▶ _Input for this task_:
* * * * * * *
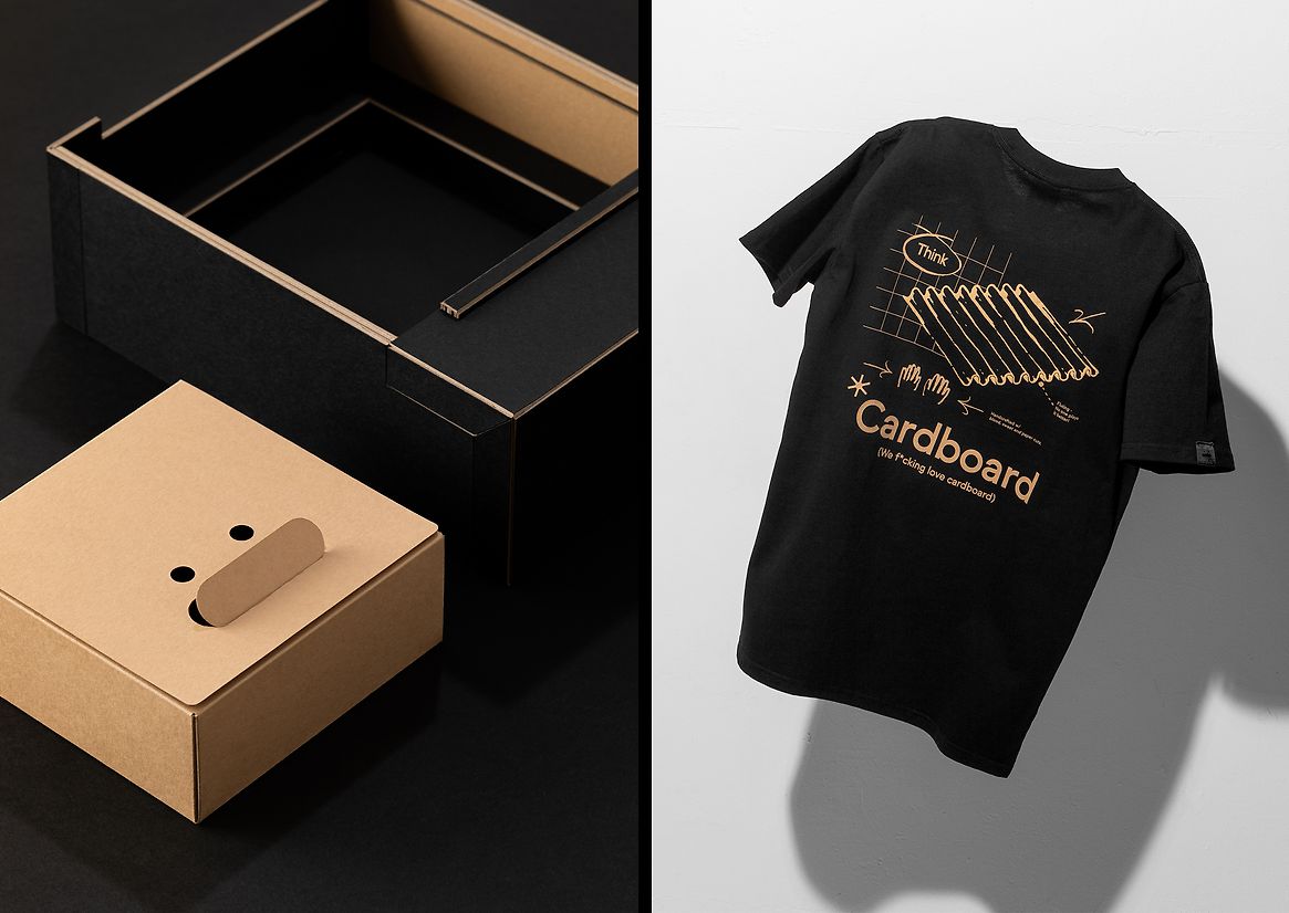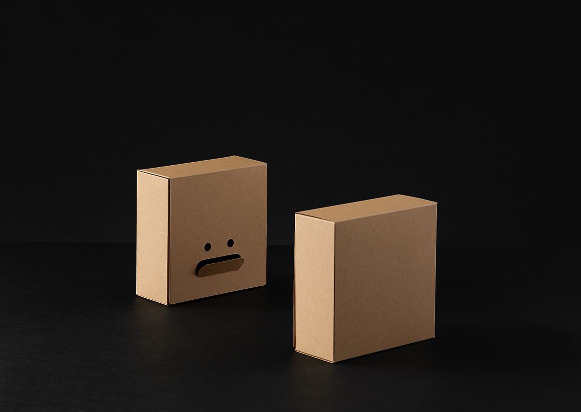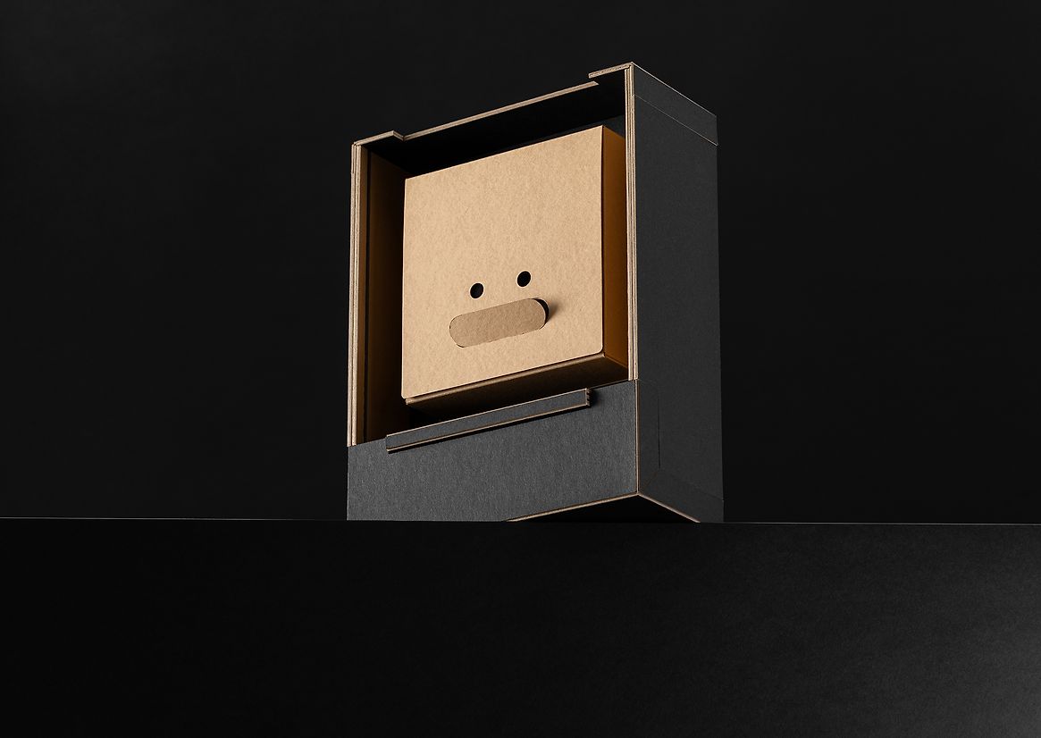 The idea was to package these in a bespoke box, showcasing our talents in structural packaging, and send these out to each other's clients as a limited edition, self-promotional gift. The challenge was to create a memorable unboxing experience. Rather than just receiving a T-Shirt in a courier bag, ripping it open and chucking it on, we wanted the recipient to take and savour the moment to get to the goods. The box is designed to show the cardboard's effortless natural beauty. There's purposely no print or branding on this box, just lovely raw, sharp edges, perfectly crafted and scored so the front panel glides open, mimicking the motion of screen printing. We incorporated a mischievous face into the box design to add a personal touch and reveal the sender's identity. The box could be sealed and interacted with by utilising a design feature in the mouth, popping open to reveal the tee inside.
* * * * * * *
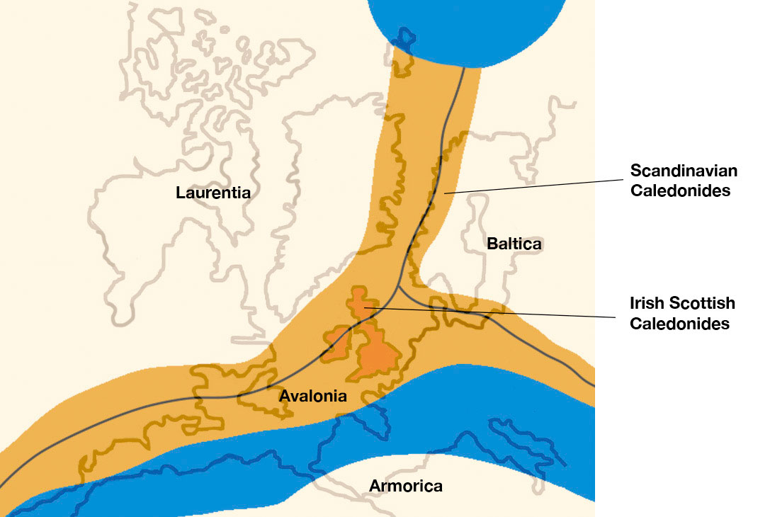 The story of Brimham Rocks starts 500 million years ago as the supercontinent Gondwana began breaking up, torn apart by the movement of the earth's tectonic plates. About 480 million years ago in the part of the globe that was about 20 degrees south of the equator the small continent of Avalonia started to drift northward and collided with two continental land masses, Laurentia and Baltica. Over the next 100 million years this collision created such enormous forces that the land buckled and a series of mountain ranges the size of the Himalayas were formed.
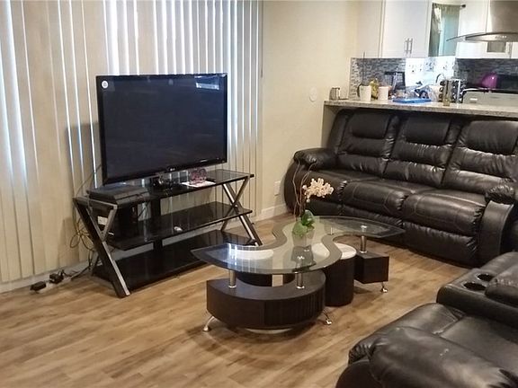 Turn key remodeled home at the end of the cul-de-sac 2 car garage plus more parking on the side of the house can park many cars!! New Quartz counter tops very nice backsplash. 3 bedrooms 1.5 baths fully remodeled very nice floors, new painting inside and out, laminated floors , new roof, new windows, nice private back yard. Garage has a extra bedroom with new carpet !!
* * * * * * *
Using the records above, return word for word the lines that begin at the one containing "The story of" and end at the one containing "Turn key remodeled", both of them included and no pictures.

 The story of Brimham Rocks starts 500 million years ago as the supercontinent Gondwana began breaking up, torn apart by the movement of the earth's tectonic plates. About 480 million years ago in the part of the globe that was about 20 degrees south of the equator the small continent of Avalonia started to drift northward and collided with two continental land masses, Laurentia and Baltica. Over the next 100 million years this collision created such enormous forces that the land buckled and a series of mountain ranges the size of the Himalayas were formed.
 Turn key remodeled home at the end of the cul-de-sac 2 car garage plus more parking on the side of the house can park many cars!! New Quartz counter tops very nice backsplash. 3 bedrooms 1.5 baths fully remodeled very nice floors, new painting inside and out, laminated floors , new roof, new windows, nice private back yard. Garage has a extra bedroom with new carpet !!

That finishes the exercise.